U.S. Bank Stadium, Minnesota Vikings
Everyone’s favorite quarterback, Purple Matthew Stafford, is impossible to figure out. He’s so lame, but Mike Zimmer almost cancels that out. Tie.
Lambeau Field, Green Bay Packers
Everybody always wins here until the State Farm commercials stop. Please make it stop.
Ford Field, Detroit Lions
You win.
NFC West
L.A. Memorial Coliseum, Los Angeles Rams
If your coach is younger and more attractive than Sean McVay, you win. Therefore, you lose.
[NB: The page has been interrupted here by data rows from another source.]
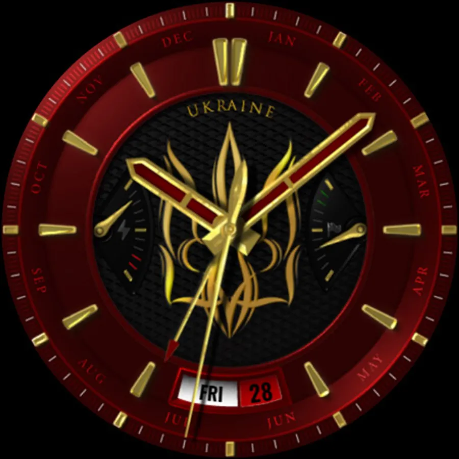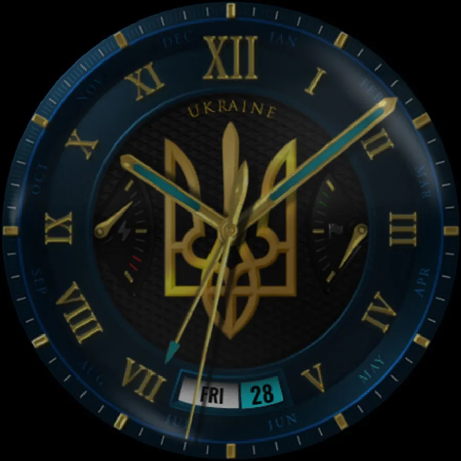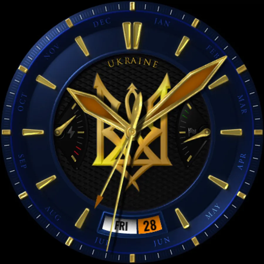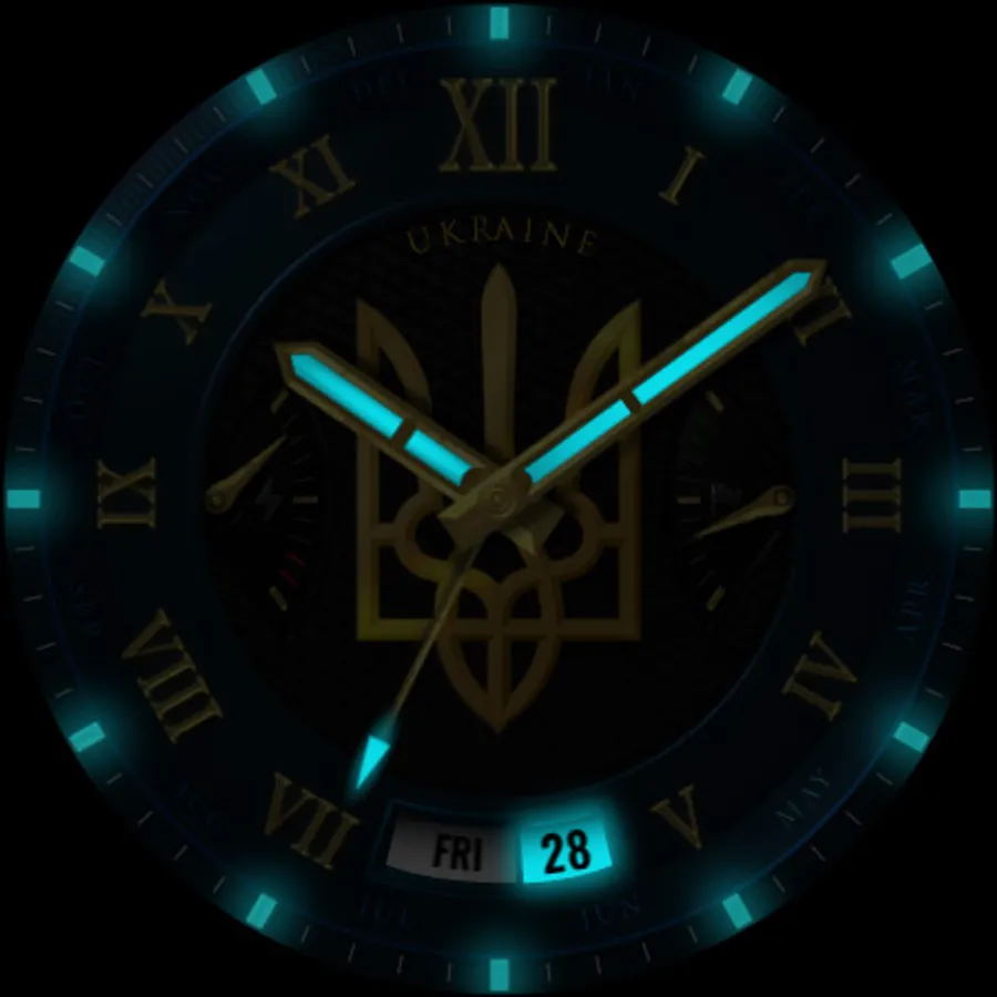 Customizable realistic analog watch face with coat of arms of Ukraine in different styles. Different backlight colors, time indicators and watch face hand styles for personalization.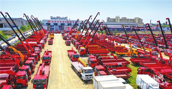 來到位于曾都區(qū)北郊的神百汽車?yán)蠌S區(qū),數(shù)百輛隨車吊舉起長長的“手臂”,紅白相間的設(shè)計是神百的“專屬”設(shè)計,十分亮眼,氣勢壯觀。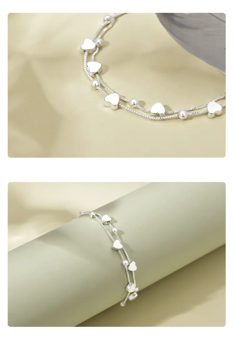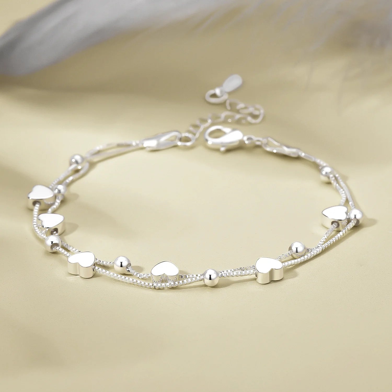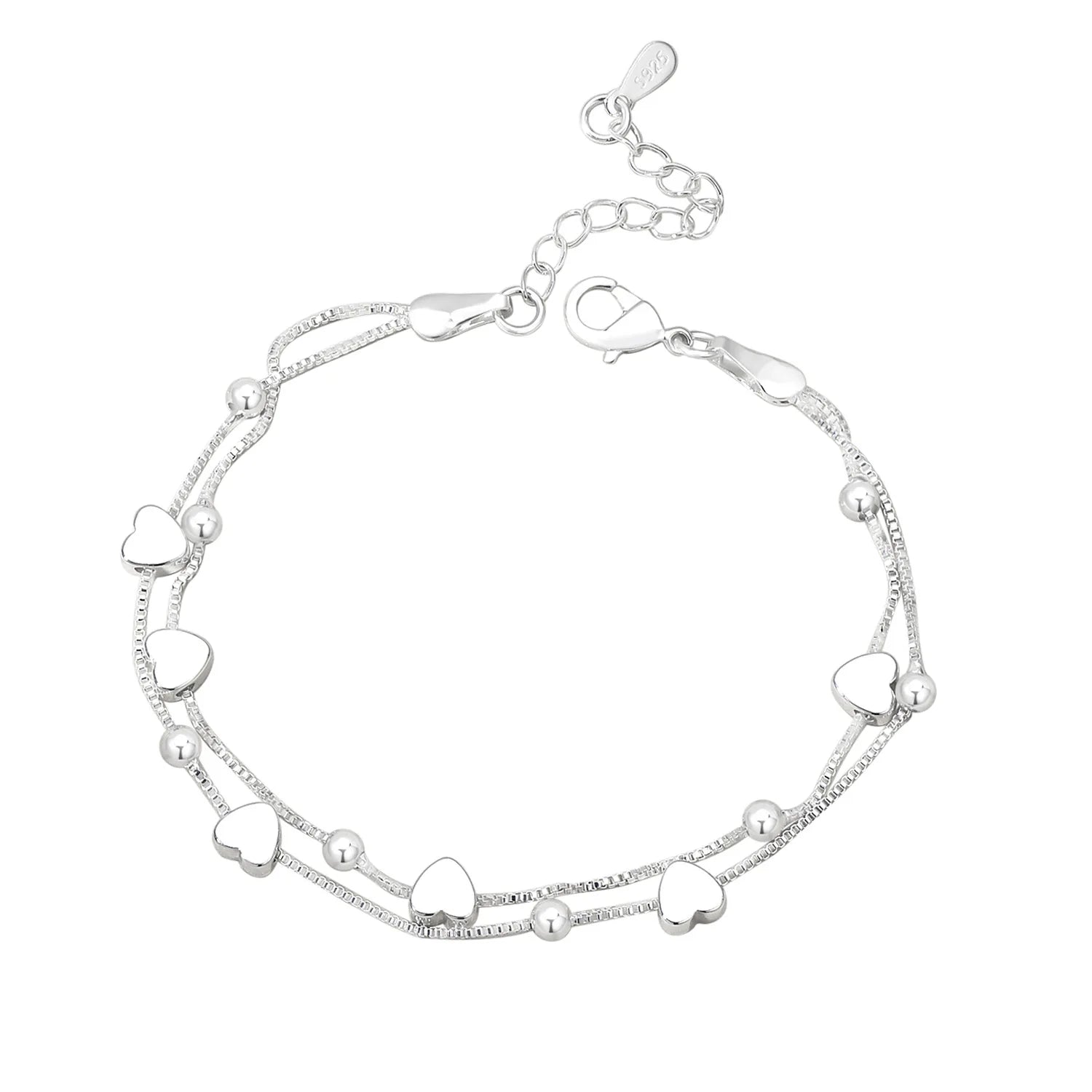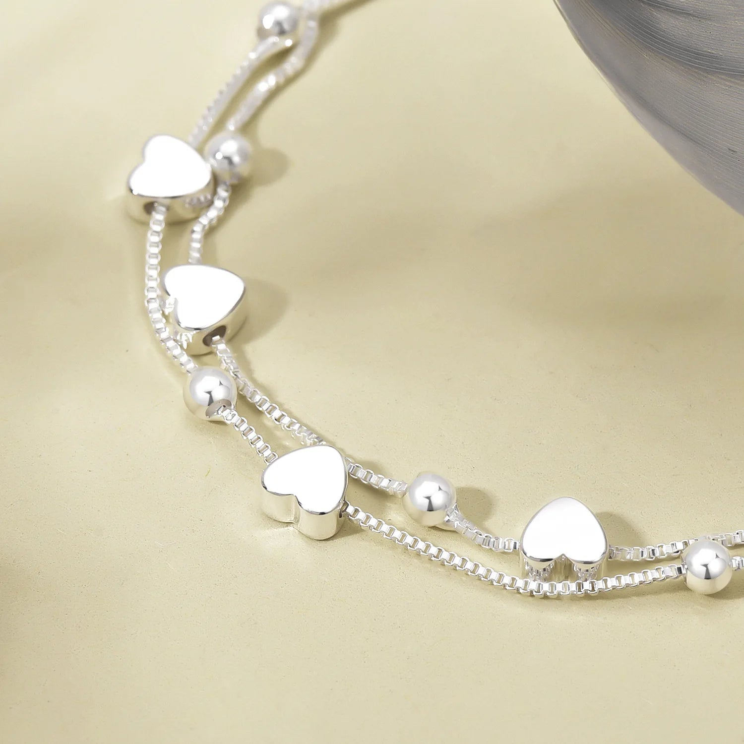 Pulseira Dupla com Bolinhas e Corações lisos - Prata 925

CenturyLink Field, Seattle Seahawks
Russell Wilson is so dominant in the 4th quarter that you should count your blessings. Unfortunately, Jesus is on Russ’s side. Sorry.
Levi Stadium, San Francisco 49ers

Your team has taken a beating. They are all sweaty and washed up for the day, just like Jimmy G likes his women. You’re screwed.
University of Phoenix Stadium, Arizona Cardinals
Teams are 0-3 again the NFC West so far, can they turn it around here? The stadium is named after an online college, yes.
NFC South
Mercedes-Benz Superdome, New Orleans Saints
I feel bad for the hurricane joke, I should make it up with Saints fans. To leave New Orleans with a win is hard enough on its own. If your team makes it through the entire game without anybody bleeding from their ears after listening to the whistle man all game, you deserve a win.
Mercedes-Benz Stadium, Atlanta Falcons
The easy joke here is 28-3. But I feel bad about that. That is a heartbreaking loss, that Falcons fans will never forget. While you may have pleased real God by opening a Chick-Fil-A in your stadium, you have pissed off the Football Gods since it is closed for basically every home game you have. Falcons lose.
Bank of America Stadium, Carolina Panthers
Good luck winning against this strategy, dumbasses.
Raymond James Stadium, Tampa Bay Buccaneers

Look at his hat. He also inherited a pirate ship with functioning cannons. Much like a mini game from Mario Party, avoid Bruce’s Balls for 30 seconds and your team gets a win and 10 coins.